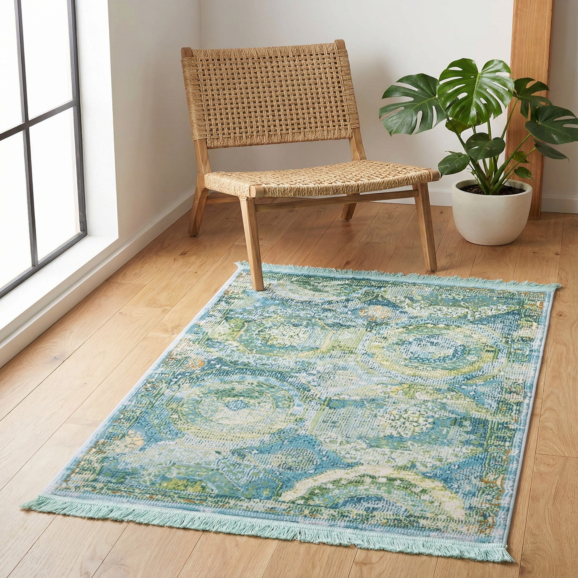 Sized to function as an accent, this piece works well in small entryways, at the foot of a bed, in front of a kitchen or bathroom sink, or layered over a larger rug to introduce color and pattern. Its coastal-to-cottage palette pairs nicely with light wood furniture, white or ivory upholstery, woven textures and muted metal finishes, and it fits comfortably in relaxed contemporary, coastal, cottage, or transitional interiors.
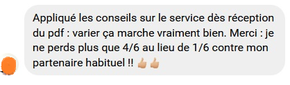 Suite à cette expérience, j’ai souhaité partager mes recherches et autres découvertes sur le service avec les amateurs les plus motivés en créant une formation spécialement dédiée à l’optimisation technico-tactique du service. Cette formation, que tu connais peut-être, je l’ai appelée Service Gagnant. Tu peux suivre ce lien, si tu souhaites en savoir plus.
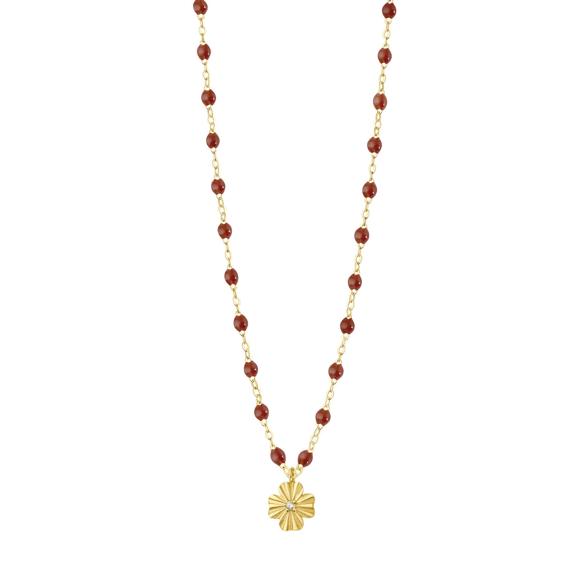 Gigi Clozeau - Collier moka Trèfle Lumière, diamant, or jaune, 42 cm
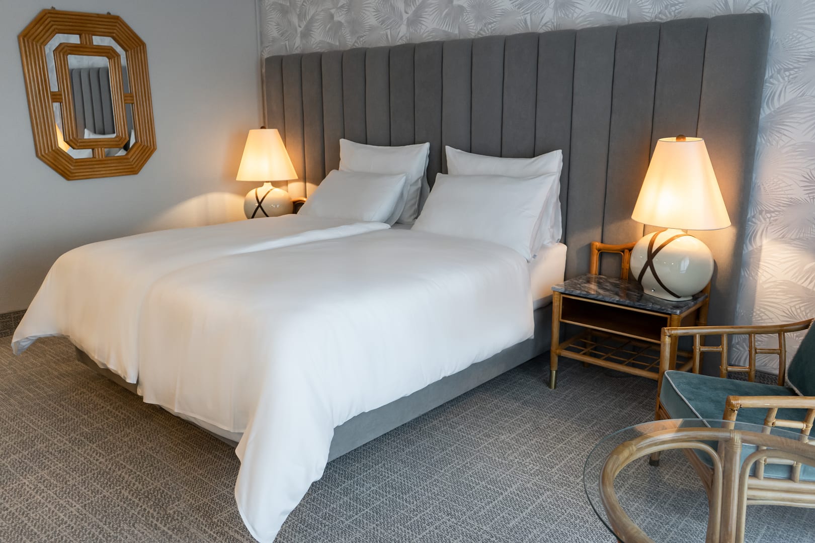 unsere Superior Zimmer, 31 ² groß, Bad, WC getrennt, große, bis zum Boden reichende Fenster, hochwertige Boxspring Betten aus der 5 Sterne Hotellerie, der Rattanstil wurde beibehalten, dies ist die DNA der Pyramide
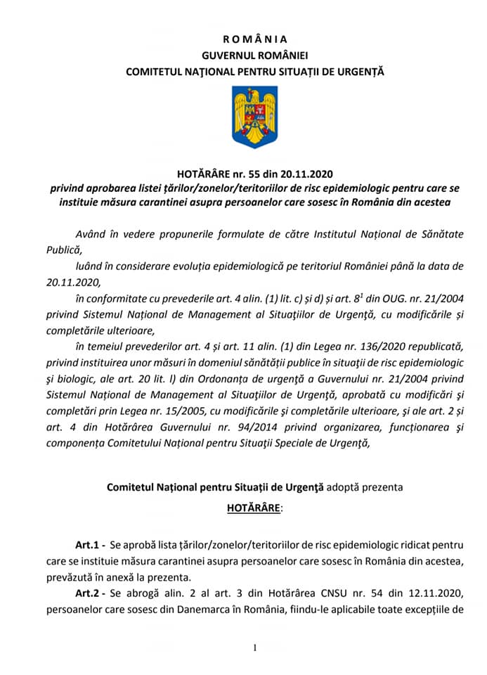 Comitetul Național pentru Situații de Urgență a adoptat în ședința de astăzi, 20 noiembrie 2020, Hotărârea numărul 55.

▶ Exercise prompt: The records above should be returned exactly, with only their pictures held back.

▶ Response area:
 Sized to function as an accent, this piece works well in small entryways, at the foot of a bed, in front of a kitchen or bathroom sink, or layered over a larger rug to introduce color and pattern. Its coastal-to-cottage palette pairs nicely with light wood furniture, white or ivory upholstery, woven textures and muted metal finishes, and it fits comfortably in relaxed contemporary, coastal, cottage, or transitional interiors.
 Suite à cette expérience, j’ai souhaité partager mes recherches et autres découvertes sur le service avec les amateurs les plus motivés en créant une formation spécialement dédiée à l’optimisation technico-tactique du service. Cette formation, que tu connais peut-être, je l’ai appelée Service Gagnant. Tu peux suivre ce lien, si tu souhaites en savoir plus.
 Gigi Clozeau - Collier moka Trèfle Lumière, diamant, or jaune, 42 cm
 unsere Superior Zimmer, 31 ² groß, Bad, WC getrennt, große, bis zum Boden reichende Fenster, hochwertige Boxspring Betten aus der 5 Sterne Hotellerie, der Rattanstil wurde beibehalten, dies ist die DNA der Pyramide
 Comitetul Național pentru Situații de Urgență a adoptat în ședința de astăzi, 20 noiembrie 2020, Hotărârea numărul 55.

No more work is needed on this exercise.